Det kan være lett å forstå siden USN P-8 flyr i områder med potensiell "fiendtlig" aktivitet som i Sør-Kinahavet og i områdene ved Taiwan. (Red.)
BAE awarded ‘quick-turnaround’ countermeasure demo
for Boeing P-8A Poseidon
By Garrett Reim 9 January 2021
BAE Systems was
awarded a $4 million contract from the US Navy (USN) for a quick-turnaround
demonstration of a new radio frequency countermeasure system for the Boeing
P-8A Poseidon maritime patrol aircraft.
The countermeasure
system is made of a “small form factor jammer, a high-powered amplifier and the
AN/ALE-55 Fiber-Optic Towed Decoy”, says BAE on 5 January. Such decoys are
towed behind an aircraft and jam incoming radar-guided missiles. As a last
resort, the decoy will mimic the radar cross-section of the aircraft being
protected in a ruse to draw away an attack.
Source: BAE Systems
Rendering of BAE
Systems decoy on P-8A Posiedon
BAE will design,
build, integrate and ship the countermeasure system in about five months, with
two months of flight testing on the P-8A platform after that. The company says
testing will begin early in 2021, indicating the execution of the contract is
already well under way.
“A process that
used to take 18 to 24 months has been scaled to five or six months, which is
remarkable, as is deploying this new self-protection capability,” says Don
Davidson, director of the advanced compact electronic warfare solutions product
line at BAE.
BAE did not
disclose why the USN needed the countermeasure system so quickly.
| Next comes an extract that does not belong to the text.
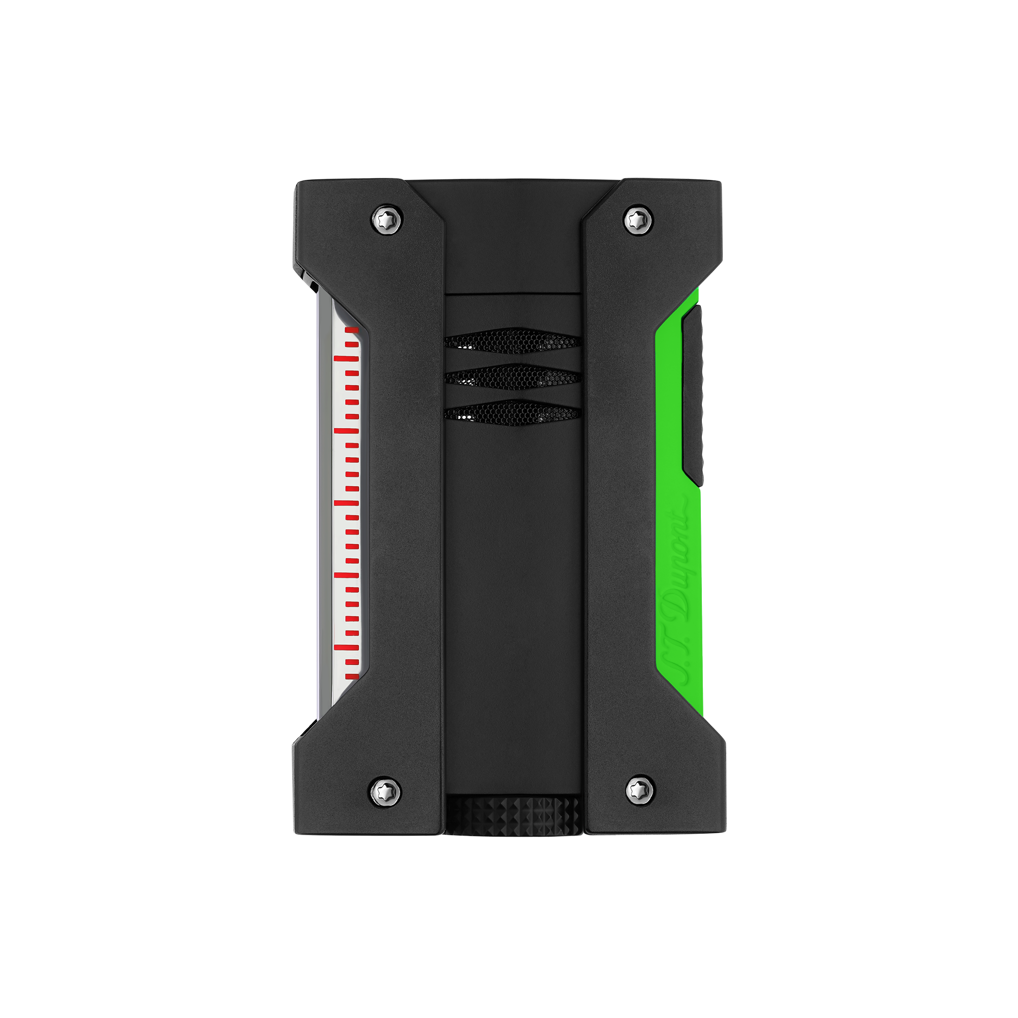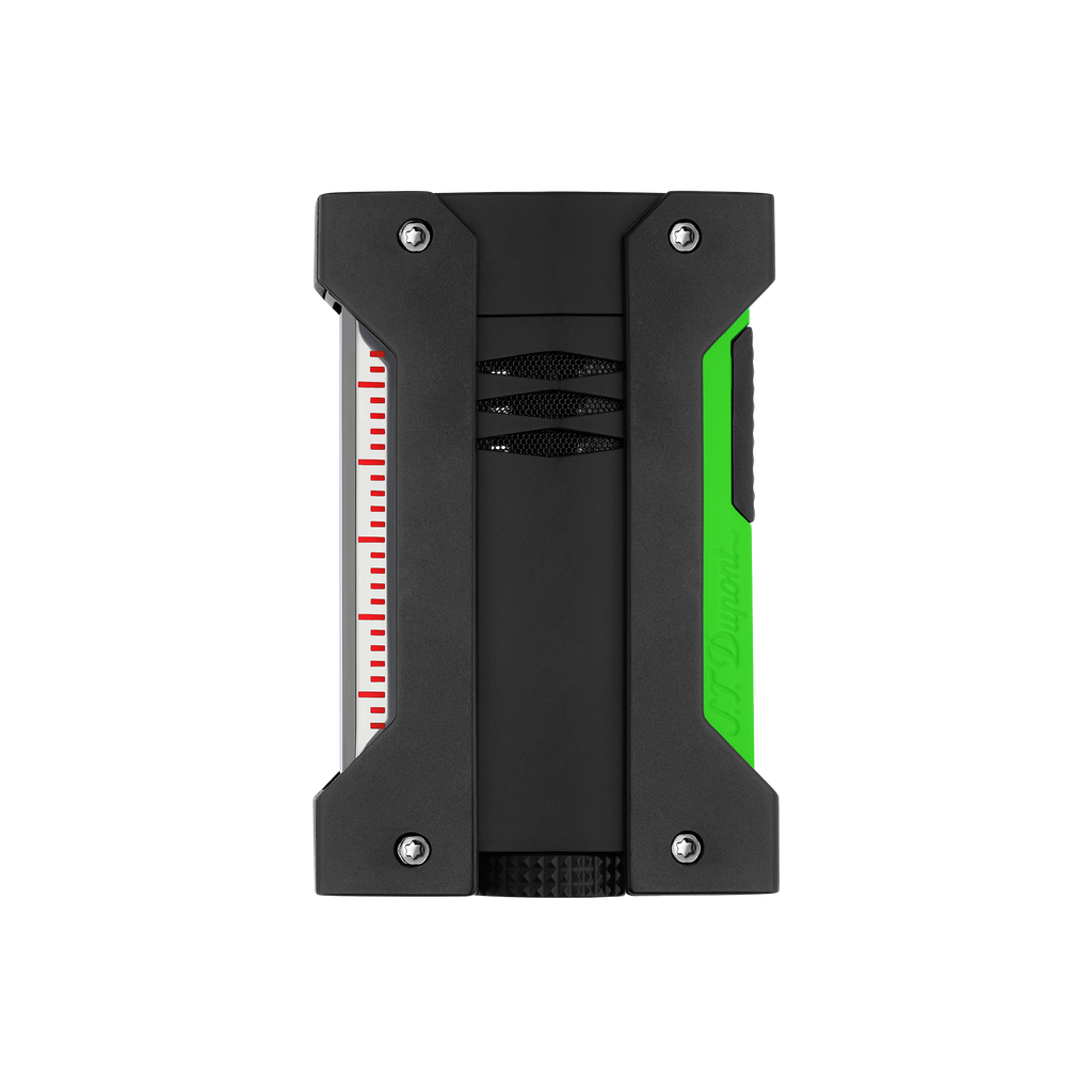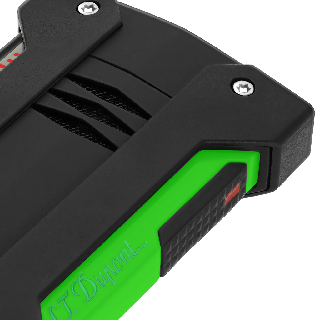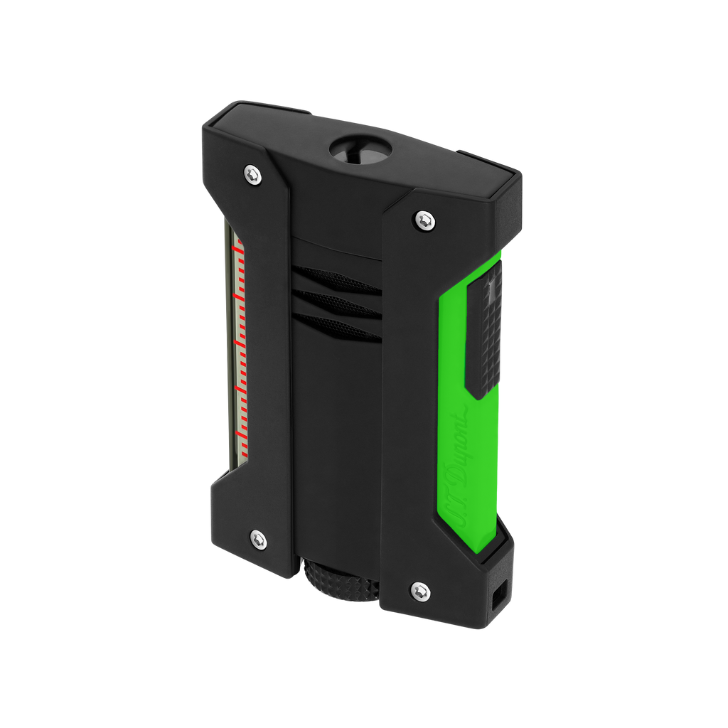 Extreme Défi lighter in matte black with fluorescent green trigger. Injection-molded metal body with a highly resistant semi-rigid protective cover. Powerful, wind-resistant blue torch flame.

The P-8A is a
maritime patrol aircraft used for hunting submarines and surface ships.
The company is
manufacturing the system at its facilities in Nashua, New Hampshire.
In November 2019, the USN picked
Raytheon and BAE to develop and demonstrate competing versions of a dual-band
towed decoy for its Boeing F/A-18E/F Super Hornet fleet.